Figure 2A shows the effect of extracellular GS (30 mg/L) on the amplitude of steady-state current that was measured at the end of depolarizing pulse and peak tail current. The steady-state current first appears at -50 mV test potential, and the peak tail current is maximal at +10 mV test potential. GS (30 mg/L) induced a minimal increase in steady-state current and peak tail currents (Figure 2A, 2B). The increase of steady-state currents were observed only at more negative membrane voltages than 0 mV, where HERG channel inactivation was observed, while the increase of peak tail currents were observed at all tested voltages. Drugs that changed ion channel activities often alter the voltage dependence of channel kinetics. Therefore, we analyzed the voltage dependence of activation of the HERG current in the absence or presence of GS. Peak amplitudes of tail currents were plotted as a function of test potential as shown in Figure 2B, and were fitted with Boltzmann's function. In the control experiment, the activation curve had a mid-point of -18.1±2.2 mV and a slope factor of 6.5±0.2 mV (n=6), which is similar to previous reports^[12,23]. In the presence of GS (30 μmol/L), a mid-point of -19.6±1.9 mV and a slope factor of 7.1±0.2 mV (n=6), the difference compared with control was not significant.
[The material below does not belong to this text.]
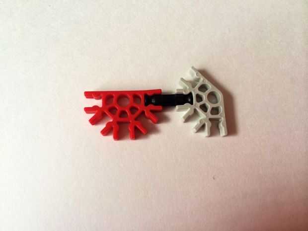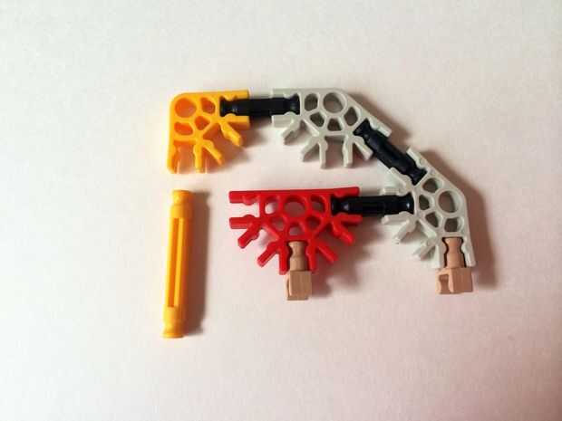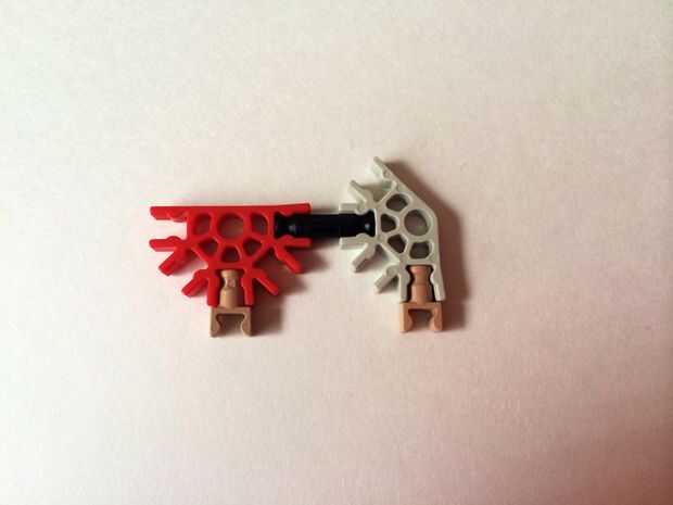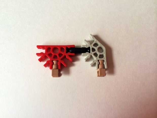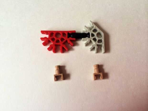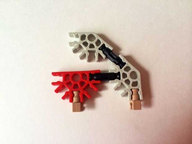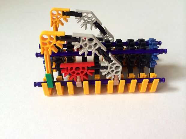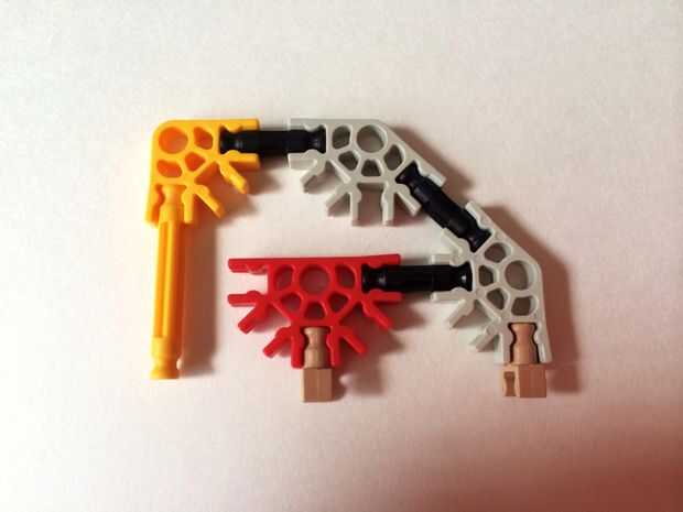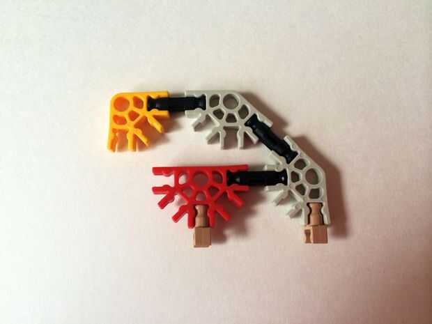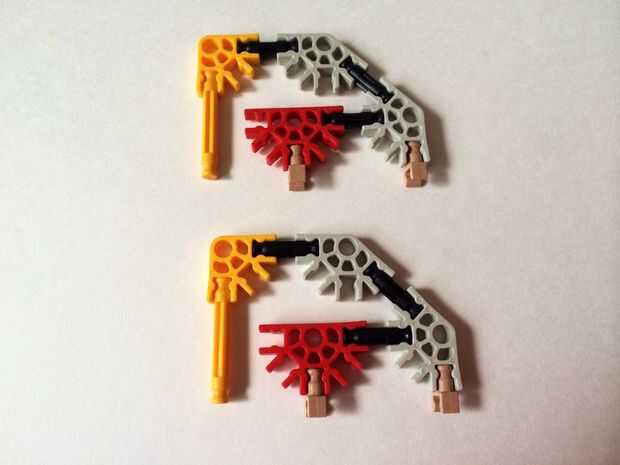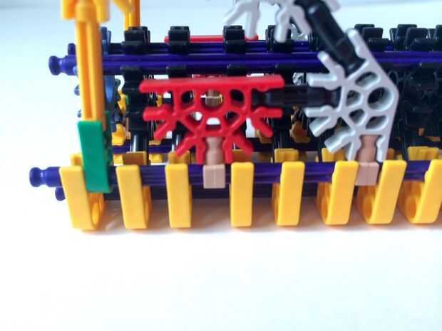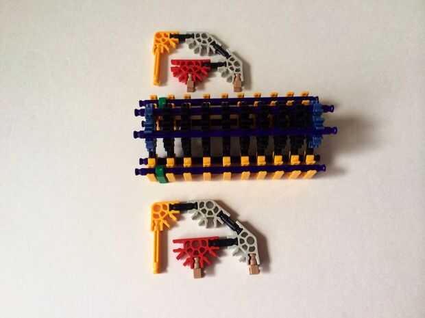Para construir los lados, fije un conector de red a un conector gris con una varilla negra como en fotos 1 y 2. A continuación, agregue dos conectores tan "Y" como en fotos 3 y 4. Gire los conectores "Y" 90 grados como se muestra en cuadro 5. Agregar otro conector gris con una varilla negra como en la figura 6 y agregar un conector amarillo y una barra amarilla como en cuadros 7, 8 y 9. Repita el proceso para obtener dos caras idénticas (cuadro 10). Añadir los lados a la pieza de Tac-carril inversa como se muestra en fotos 11 y 12; los conectores verde lazo deben ser conectados a las barras del amarillo como se muestra en imagen 13.

Figure 2 Effect of ginseng saponins (GS) on voltage-dependent kinetics and maximal conductance of HERG current. (A) Current-voltage relation curves were plotted from the current measured at the end of depolarizing test pulse ranging from –60 to +40 mV (4 s in 10 mV increments) from a holding potential of -80 mV (n=6). (B) Voltage-dependent activation curves plotted from peak tail currents during a repolarizing step to -60 mV after depolarizing to various voltages (n=6). (C) Steady-state inactivation curves of HERG channels before and after GS exposure. Solid lines indicate the product of the fitted steady-state inactivation curves with Boltzmann’s equation on experimental data. (D) Current-voltage plot was obtained from peak tail currents ranging from -130 to +20 mV following a 750-ms prepulse to +40 mV from a holding potential of -80 mV. To clarify the change of slope conductance, current amplitudes were plotted between -130 and -50 mV. n=6. Mean±SEM. ^bP<0.05 vs control.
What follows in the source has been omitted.